Play by Dale Wasserman

One Flew Over the Cuckoo's Nest (1963) is a play based on Ken Kesey's 1962 novel. The play had its Broadway debut in 1963 with an adaptation by Dale Wasserman starring Kirk Douglas as Randle McMurphy, a mental patient and Joan Tetzel as Nurse Ratched. The play had a Broadway revival in 2002 earning the Tony Award for Best Revival of a Play as well as a nomination for the Tony Award for Best Actor in a Play starring Gary Sinise.

== Background ==
The play is based on the 1962 novel by Ken Kesey. It was adapted by Dale Wasserman.

== Summary ==
The plot revolves around mental hospital patient Randle McMurphy who leads a revolt against cold Nurse Ratched.

== Cast and characters ==

| Character | Broadway debut | Broadway revival | West End revival |
| 1963 | 2001 | 2003 |
| Randle McMurphy | Kirk Douglas | Gary Sinise | Christian Slater |
| Nurse Ratched | Joan Tetzel | Amy Morton | Frances Barber |
| "Chief" Bromden | Ed Ames | Tim Sampson | Brendan Dempsey |
| Dale Harding | William Daniels | Ross Lehman | Owen O'Neill |
| Billy Bibbit | Gene Wilder | Eric Johner | Mackenzie Crook |
| Charlie Cheswick | Gerald S. O'Loughlin | Rick Snyder | Phil Nichol |
| Martini | Al Nesor | Danton Stone | Ian Coppinger |
| Dr.

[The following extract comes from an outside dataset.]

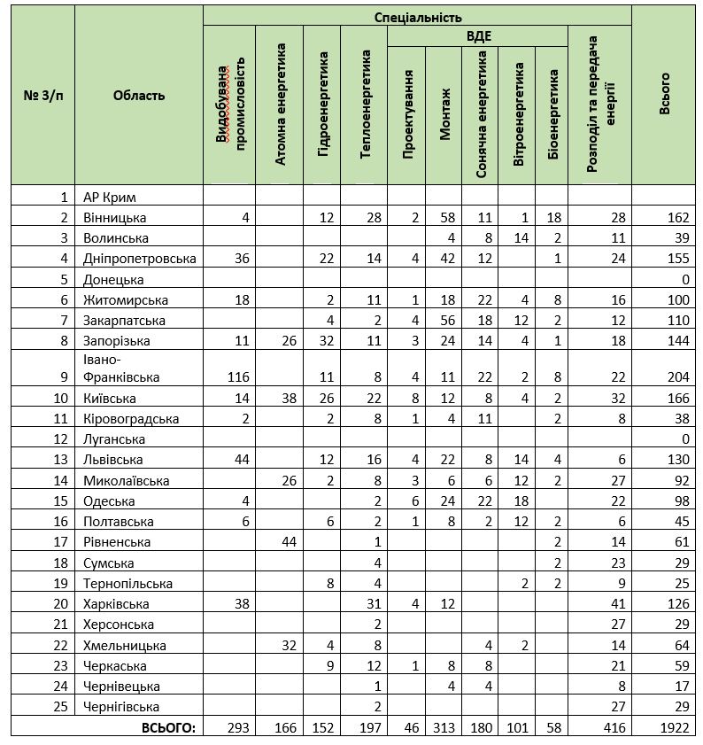 - найбільша потреба є у монтажниках об’єктів «зеленої» енергетики (в першу чергу – сонячних електростанцій) та спеціалістів у видобутку енергетичних корисних копалин (в першу чергу – із видобутку вуглеводнів). Так, наприклад, є попит у видобувної промисловості у кількості 293 осіб, що перевищує сумарний річний випуск зі всіх профільних університетів за цим напрямом підготовки;

John Spivey | Rex Robbins | K. Todd Freeman | Tim Ahern |

== Origin ==
Dale Wasserman's stage adaptation, with music by Teiji Ito, made its Broadway preview on November 12, 1963, its premiere on November 13, and ran until January 25, 1964, for a total of one preview and 82 performances. The 1963–64 Broadway production starred Douglas as Randle Patrick McMurphy, Gene Wilder as Billy Bibbit, William Daniels as Harding, Ed Ames as "Chief" Bromden, Al Nesor as Martini, and Joan Tetzel as Nurse Ratched. Douglas retained the rights to make a film version of One Flew Over the Cuckoo's Nest for a decade, but was unable to find a studio willing to make it with him. Eventually, he gave the rights to his son Michael, who succeeded in getting the film produced. At that time, Kirk Douglas was deemed too old for the role of McMurphy, and the role was given to Jack Nicholson.

== Productions ==
Since then, the play has had two revivals: first off-Broadway in 1971, directed by Lee Sankowich with Danny DeVito as Martini and William Devane as McMurphy, then as a Broadway production in 2001 with Gary Sinise as McMurphy. The film version One Flew Over the Cuckoo's Nest was released in 1975, whose movie rights were secured through Kirk Douglas's rights to the play. DeVito reprised his stage role in the 1975 film of the same name directed by Milos Forman starring Jack Nicholson.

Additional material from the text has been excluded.